Content warning: critiques of critical social justice culture and modern feminism.
A hollow Self
I feel compelled to write about this topic because I see so many women around me suffering from poor mental health like I have. I want to try to lay bare some components of contemporary culture that discourage self-reflection and encourage mental illness. It’s not just the phone or social media; it’s how they lead us to see ourselves and the concerns they reinforce for women over what we ought to be concerned with - cultivating virtues necessary for a life well lived. The good life, for me, was impossible. Instead, self-development in popular parlance has come to mean turning inward and doing whatever makes you happy even if it’s to your and others’ detriment in the name of personal liberation, which often leads to self-centered behavior. At the same time, you’re cultivating your identity online as a depressed person along with myriad other labels we find on these platforms.
Therapy permitted me to wallow in my disempowerment despite claiming to be healing, and my therapist adheres to the social justice paradigm. I may have helped push her in that direction over the ten years I was seeing her by her admission - something I deeply regret now. One of our last conversations involved me questioning whether the nebulous force of patriarchy can be said to exist for women like me in the most liberated society in history, and she insisted it did. That was when I decided I was done with the disempowerment of the therapeutic couch.
I studied the humanities, social sciences, anthropology, and religion, which all have intersecting intellectual threads. The theoretical currents tying all these disciplines were those we now see in the culture as intersectionality, the social construction of race and gender identities, and the rhetoric of anti-colonialism and anti-capitalism. During college and grad school, I got sucked into the social internet and stopped reading after I finished my degree. It took me a decade to start again, and I don’t think I was a real person back then with defensible views, because I had never intellectually tested them and lived in an echo chamber.
I’m not even sure who I was in the decade that I wasn’t reading at all.

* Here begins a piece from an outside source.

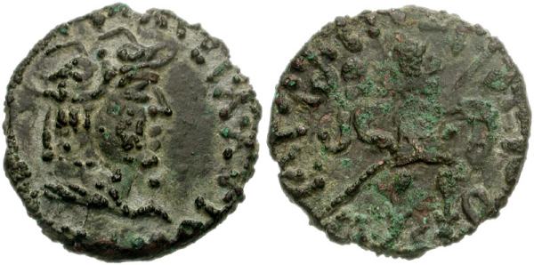 | MIG 1053d | Kushan Empire, Kujula Kadphises. Circa AD 30/50-80 AD. AE Dichalkon (17mm, 2.54 g). Chach region? Laureate head left / King standing left, with sword. | Text | Image |

The self-indulgent culture of online leftism
I was a shell of a person, and I made bad decisions about relationships, friendships, and self-control. In other words, I succumbed to the hedonism of youth, intertwined with a culture telling me I am a hapless victim. That was also the worst period of depression, but I now realize overuse of social media, news consumption, and the loss of reading were all related to this seemingly intractable condition. If nothing else, these factors all made it worse and near-impossible to pull me out, because the news and internet media foment negative emotions and encourage seeing depression as an identity. One need only look to corners of Instagram and TikTok to see how far we’ve fallen.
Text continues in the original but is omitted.